The rapid transit station was designed by architects Jensen & Skodvin Architects, and is visually and structurally very similar to the Sinsen Station, also one of their projects. It features a center platform with a roof, and uses wood, steel and concrete. The station is located just outside the tunnel that runs all the way to the connection with the Sognsvann Line. South of Storo, the metro tracks run parallel with the Gjøvik Line. The station is owned by Kollektivtransportproduksjon.

On the other side of the tracks, about 200 m away is Grefsen Station on the Gjøvik Line. It is served every 40 minutes by NSB Gjøvikbanen services of the Oslo Commuter Rail towards Nittedal, Hadeland and Gjøvik. The Norwegian National Rail Administration is planning to move the station platform to allow direct transfer.

Storo is a mixed residential and commercial area. It has traditionally been easily accessible by car due to being located along Ring 3, a major highway. The shopping center Storo Storsenter is located just beside the station. Following the opening of the rapid transit station, a new housing complex was built on the west side of the station, on a former freight yard owned by the Norwegian State Railways. The first stage with 260 apartments was finished in 2006; when finished, it will feature 900 apartments. The area, named Stasjonsbyen ("the Station City") was developed by ROM Eiendom. Ridership at Storo increased from 2,060 per day to 3,630 per day from 2003 to 2007.

==Service==
As of 2021, lines 4 and 5 of the Oslo Metro operate to Storo, each with a 15-minute headway. Line 4 connects the Grorud Line in the northeast with the Lambertseter Line in the southeast via the Løren Line and Ring Line. Line 5 connects the Grorud Line with the Sognsvann Line in the northwest, and travels one full loop around the Ring Line en route.

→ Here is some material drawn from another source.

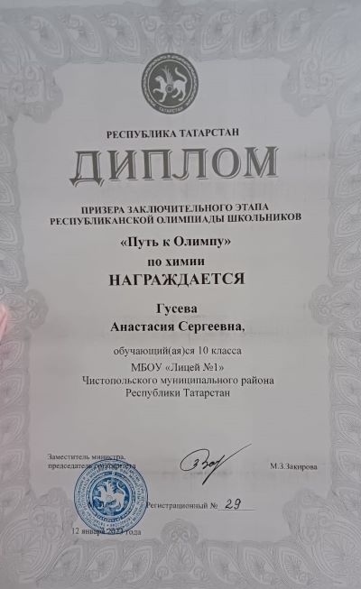 Опубликовано: 13.01.202311- 13 января проходила республиканская олимпиада по химии " Путь к Олимпу". Учащиеся лицея Рогова Настя 9 а класс, Потемкин Артур 8 а класс, Гусева Настя 10 а класс, приняли участие в Олимпиаде. Призером олимпиады стала Гусева Настя. Поздравляем Настю с хорошим результатом.

The tram station is served by lines 11, 12 and 18 of the Oslo Tramway. Southbound, all three follow the Grünerløkka–Torshov Line to the city center. Travel time to Jernbanetorget is 15 minutes. Northwards, line 11 and 12 continue on the Kjelsås Line. Line 18 branches off and heads one stop to Grefsen. The tram service is provided by Oslo Sporvognsdrift on contract with Ruter. Storo is one of eight transfer points between the tramway and rapid transit systems.

The station serves several bus routes. Lines 23 and 24 along Ring 3 from Lysaker to Simensbråten, and Brynseng to Fornebu stops at Storo. So does line 56 from Nydalen to Solemskogen. Most of the buses stop at a stop located on the motorway Ring 3.